§ **Problem**
Repeat only the lines below that run from the line with "Светлая баня, банный" to the line with "As sad as it", ends included; skip every picture.

§ **Records for the exercise**
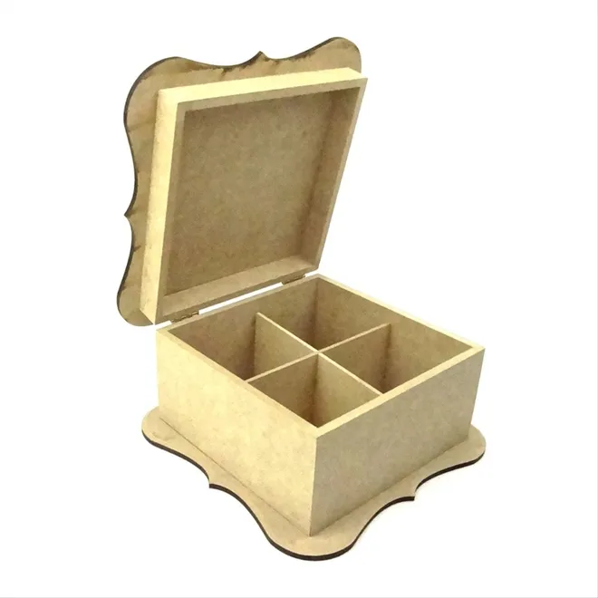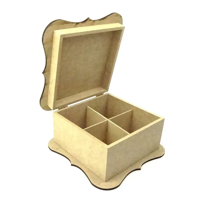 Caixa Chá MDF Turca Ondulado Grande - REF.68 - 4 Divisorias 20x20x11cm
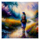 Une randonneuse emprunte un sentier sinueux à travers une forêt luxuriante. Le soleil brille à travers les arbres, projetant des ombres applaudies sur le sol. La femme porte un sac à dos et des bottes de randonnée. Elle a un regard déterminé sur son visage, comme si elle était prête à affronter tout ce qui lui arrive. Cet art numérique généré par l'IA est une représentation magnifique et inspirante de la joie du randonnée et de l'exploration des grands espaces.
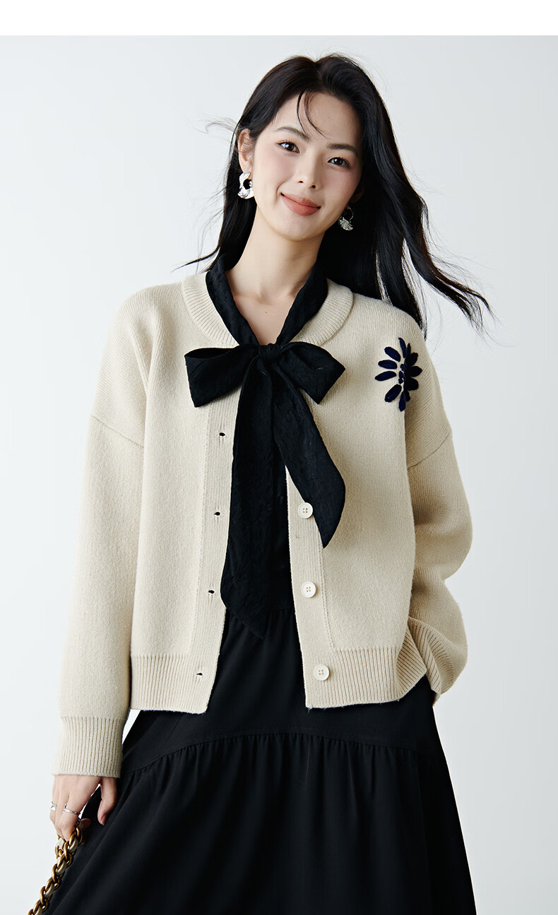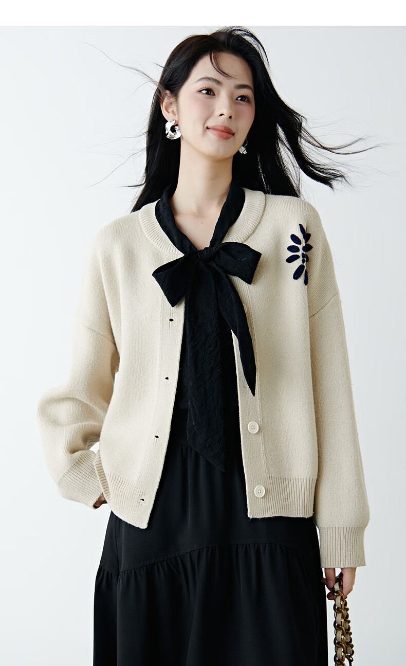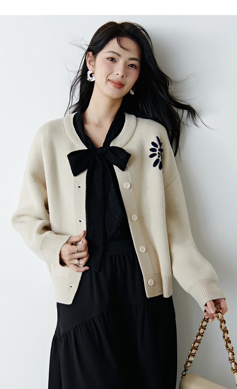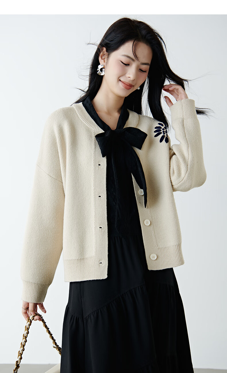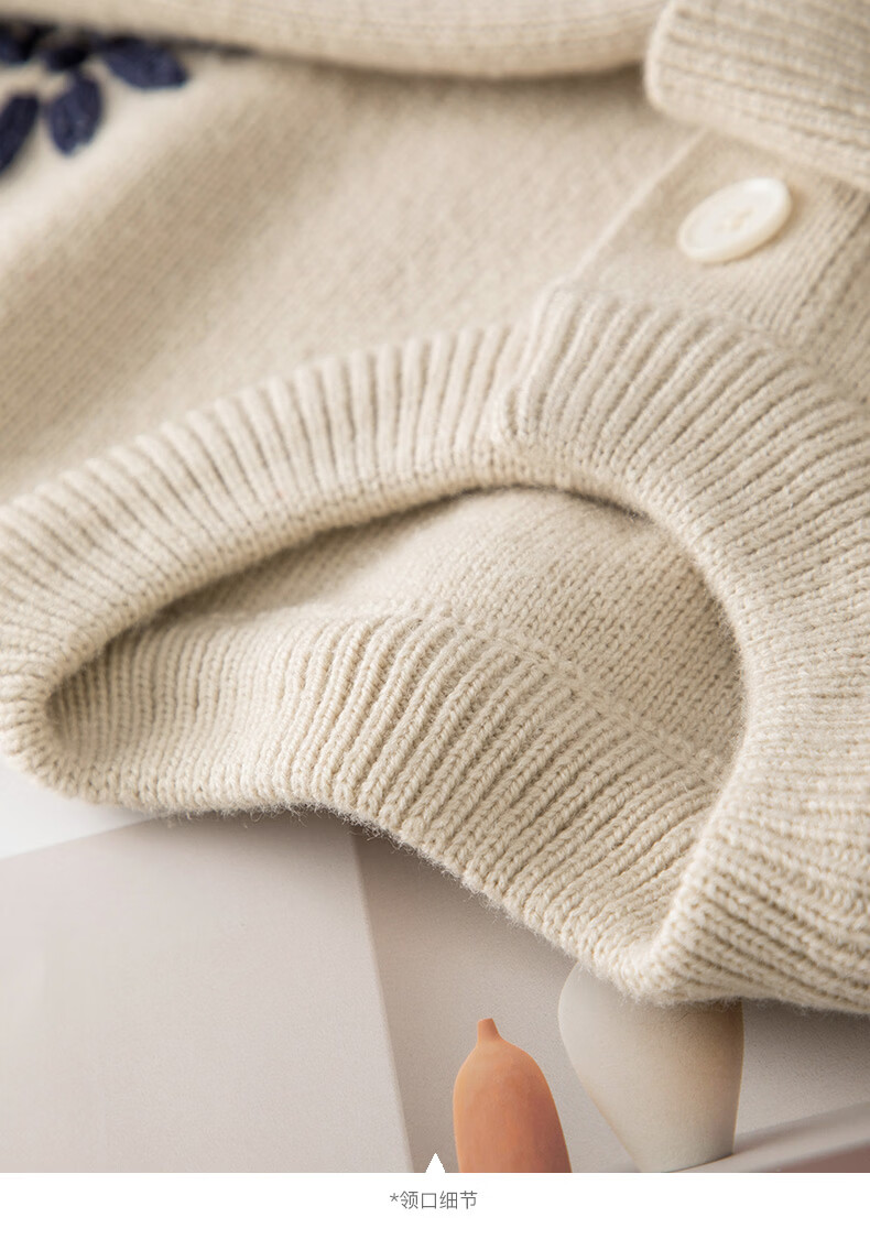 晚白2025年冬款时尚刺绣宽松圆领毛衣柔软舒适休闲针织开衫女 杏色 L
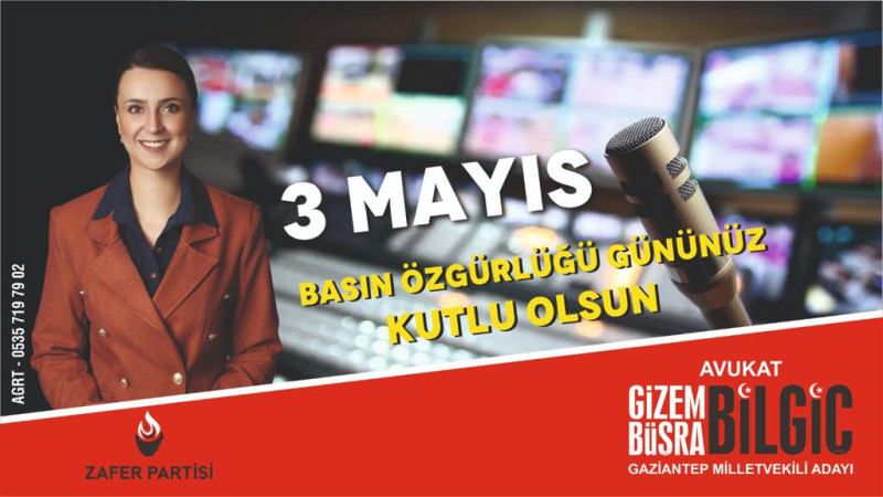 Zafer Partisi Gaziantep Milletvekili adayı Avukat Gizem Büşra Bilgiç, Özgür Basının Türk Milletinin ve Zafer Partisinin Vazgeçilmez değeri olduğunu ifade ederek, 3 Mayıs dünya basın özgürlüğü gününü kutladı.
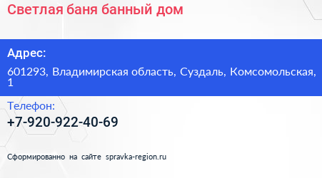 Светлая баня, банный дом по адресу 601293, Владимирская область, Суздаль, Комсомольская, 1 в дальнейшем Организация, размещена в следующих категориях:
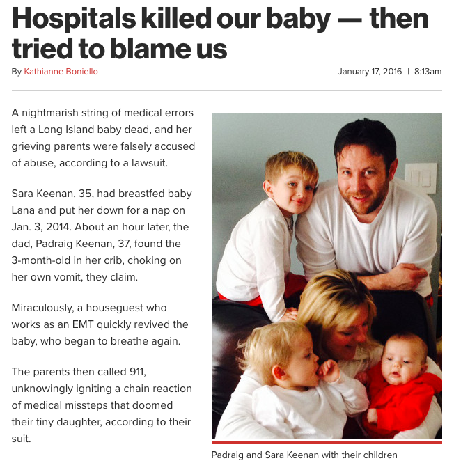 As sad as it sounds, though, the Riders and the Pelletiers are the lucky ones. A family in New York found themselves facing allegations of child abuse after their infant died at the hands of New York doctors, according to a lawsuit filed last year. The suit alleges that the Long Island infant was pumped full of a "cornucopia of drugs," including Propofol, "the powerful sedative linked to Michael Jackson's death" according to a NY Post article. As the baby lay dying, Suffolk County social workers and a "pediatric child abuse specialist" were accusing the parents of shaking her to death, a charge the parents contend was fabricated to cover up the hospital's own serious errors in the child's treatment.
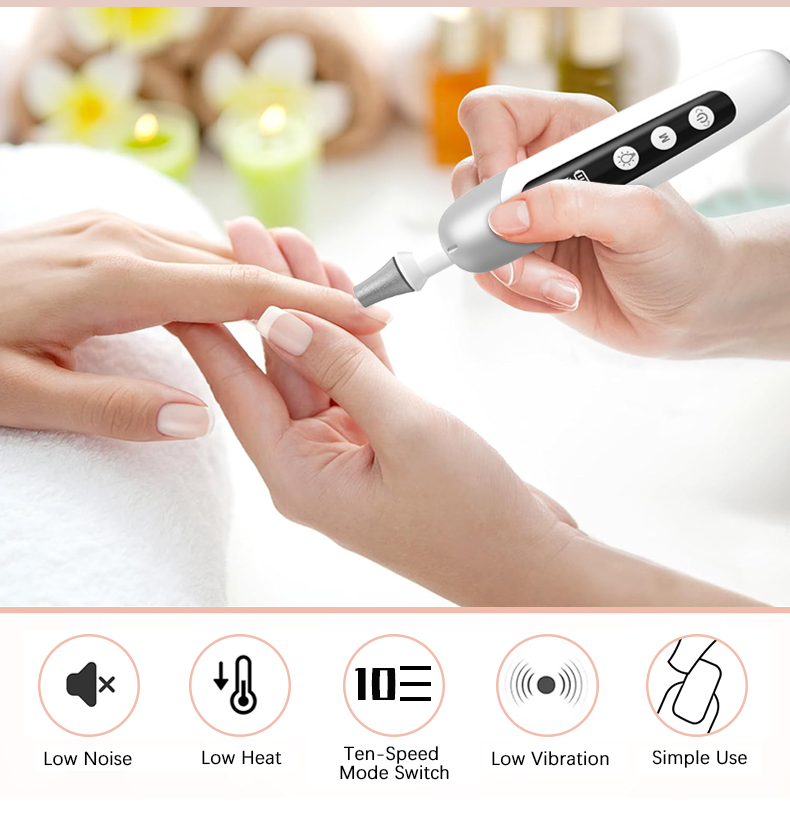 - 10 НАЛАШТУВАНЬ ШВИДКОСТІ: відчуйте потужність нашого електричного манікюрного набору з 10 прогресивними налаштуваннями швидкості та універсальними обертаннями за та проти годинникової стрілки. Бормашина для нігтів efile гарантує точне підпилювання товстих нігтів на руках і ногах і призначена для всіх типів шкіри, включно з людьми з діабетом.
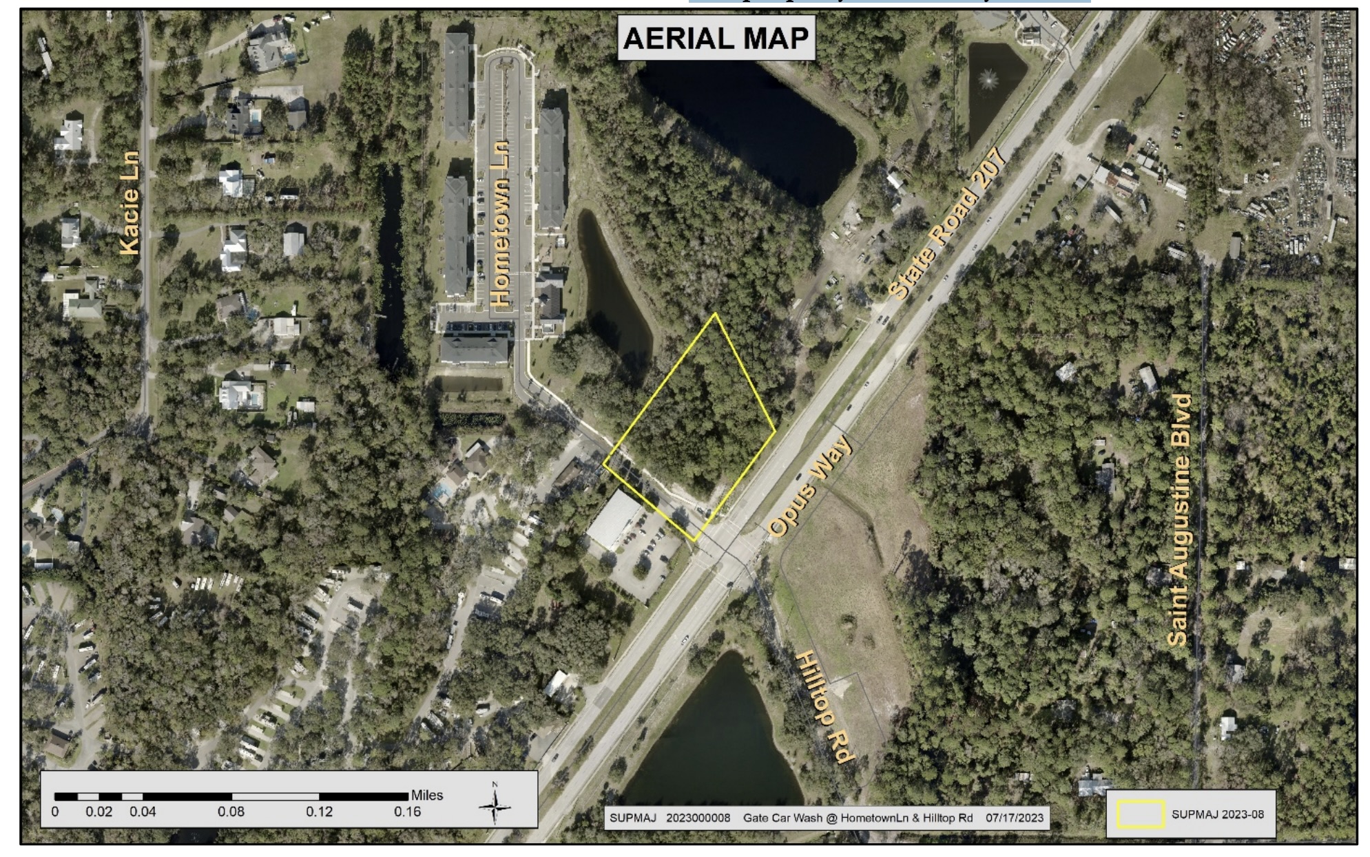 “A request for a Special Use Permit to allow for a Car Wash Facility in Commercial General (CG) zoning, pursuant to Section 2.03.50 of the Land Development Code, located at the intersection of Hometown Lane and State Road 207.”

§ **Written solution**
 Светлая баня, банный дом по адресу 601293, Владимирская область, Суздаль, Комсомольская, 1 в дальнейшем Организация, размещена в следующих категориях:
 As sad as it sounds, though, the Riders and the Pelletiers are the lucky ones. A family in New York found themselves facing allegations of child abuse after their infant died at the hands of New York doctors, according to a lawsuit filed last year. The suit alleges that the Long Island infant was pumped full of a "cornucopia of drugs," including Propofol, "the powerful sedative linked to Michael Jackson's death" according to a NY Post article. As the baby lay dying, Suffolk County social workers and a "pediatric child abuse specialist" were accusing the parents of shaking her to death, a charge the parents contend was fabricated to cover up the hospital's own serious errors in the child's treatment.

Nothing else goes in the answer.